Amherst, MA — Has Emily Dickinson been the victim of a grand literary negligence? A local hobbiest in Dickinsonian studies is claiming that poem #754 “My Life had stood — A Loaded Gun –” has been misquoted in the literary record for eighty-seven years due in part to a loss of freely available laudanum in pre-war London.
“Look at the poet’s original manuscript,” squealed 0.001% famous artist Theo Fadel through a megaphone outside the Emily Dickinson Museum while waving a facsimile of the poet’s original draft. “It’s My LIVE! Come on! Quit saying It’s My LIFE, which is a Bon Jovi song — Doesn’t anyone know the difference?” Ms. Fadel acknowledges that a real academic may have already noticed, somewhere, but being an amatuer herself, how should she know?
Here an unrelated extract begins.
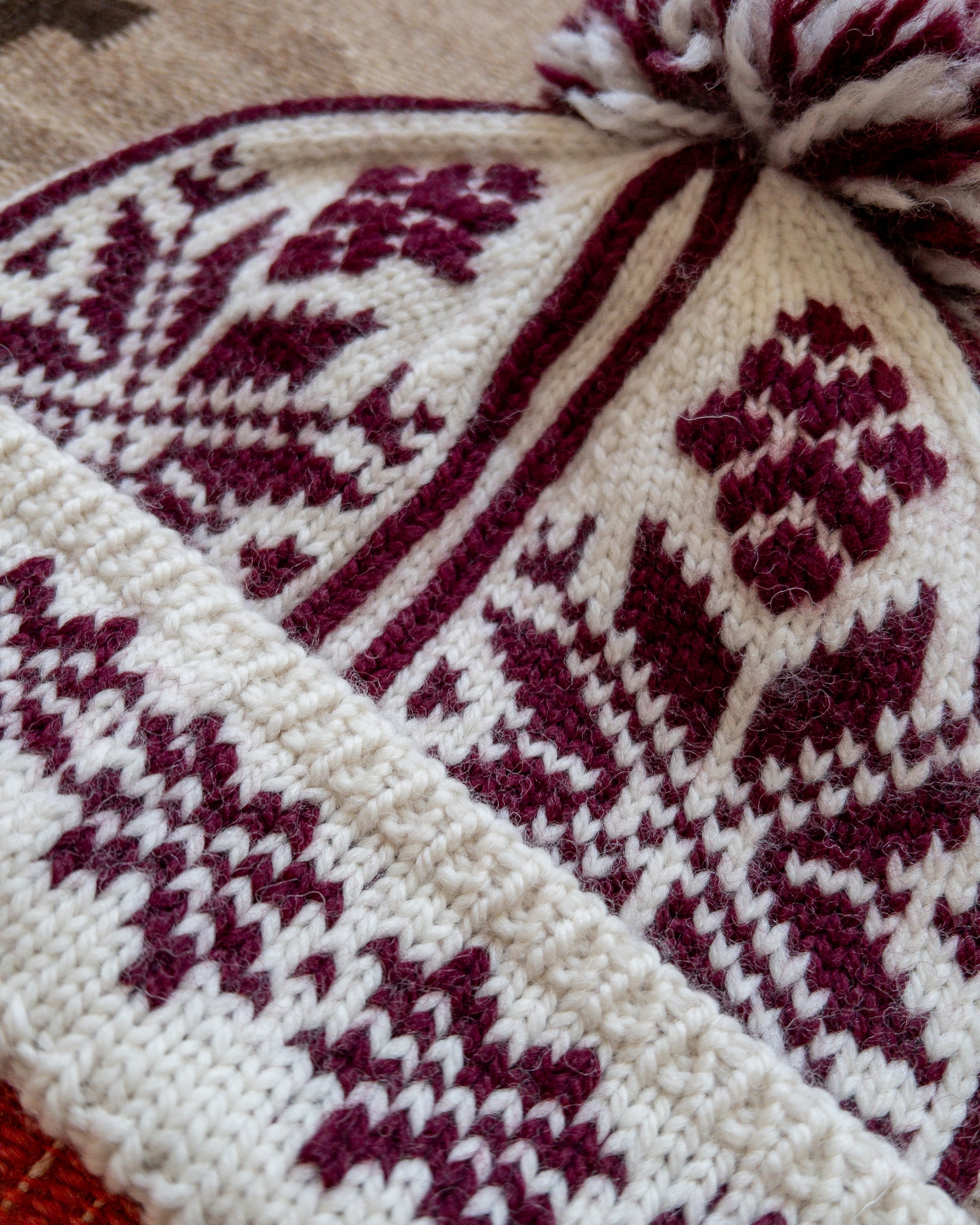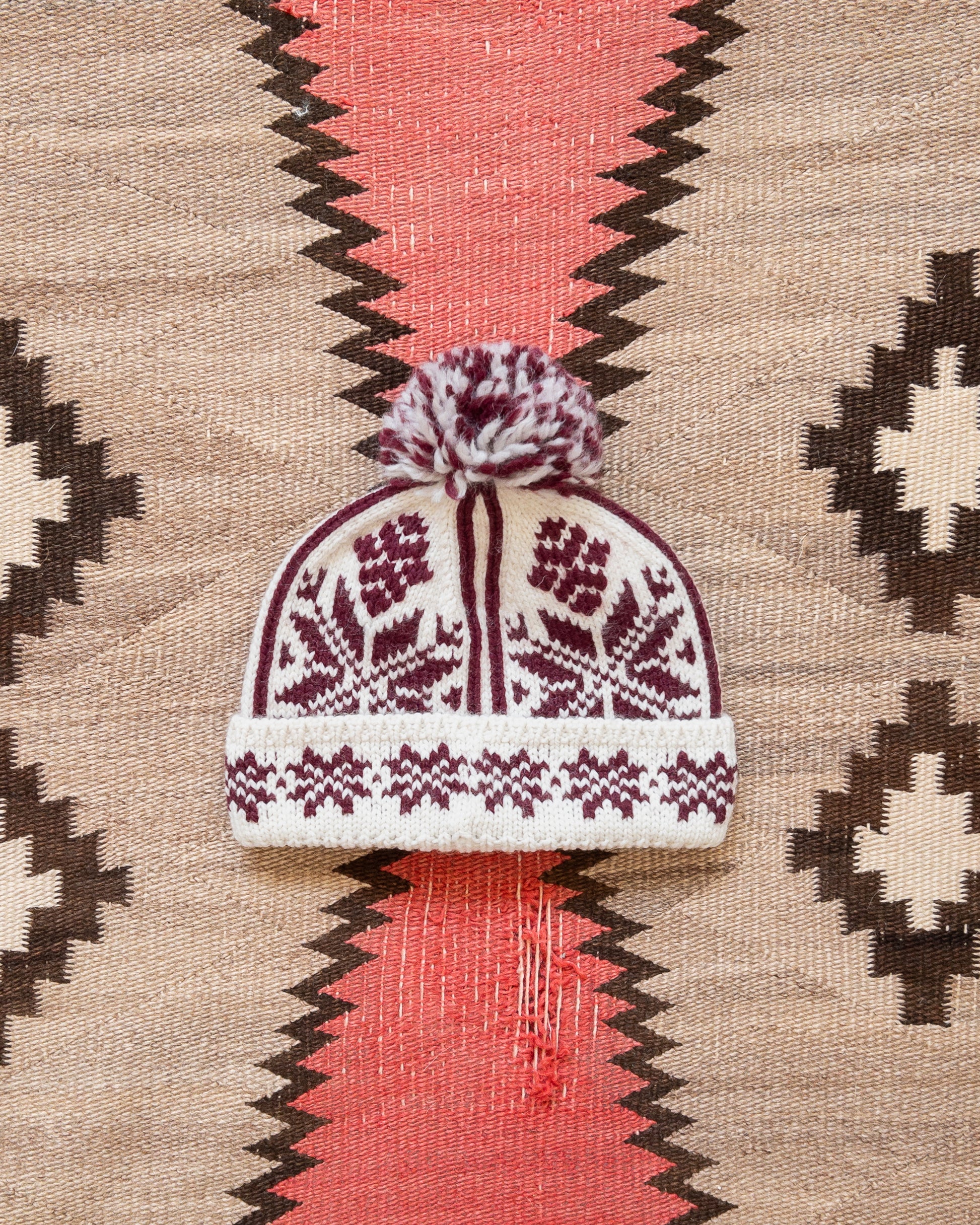 Jacquard Pom Beanie - Bordeaux

She does know that no one has come around to fix her books.
The original manuscript actually does say “Live” and not “Life.” The word live was exchangeable with the word life, archaically. A docent edging his head from a museum shop window suggested to Ms. Fadel that the original editor of 1929 believed she had tweaked the poem into modern English. Throwing a handful of hemlock cones the amateur scholar snapped through her megaphone, “How do you people get these jobs? Emily Dickinson IS modern English. What’s to tweak?”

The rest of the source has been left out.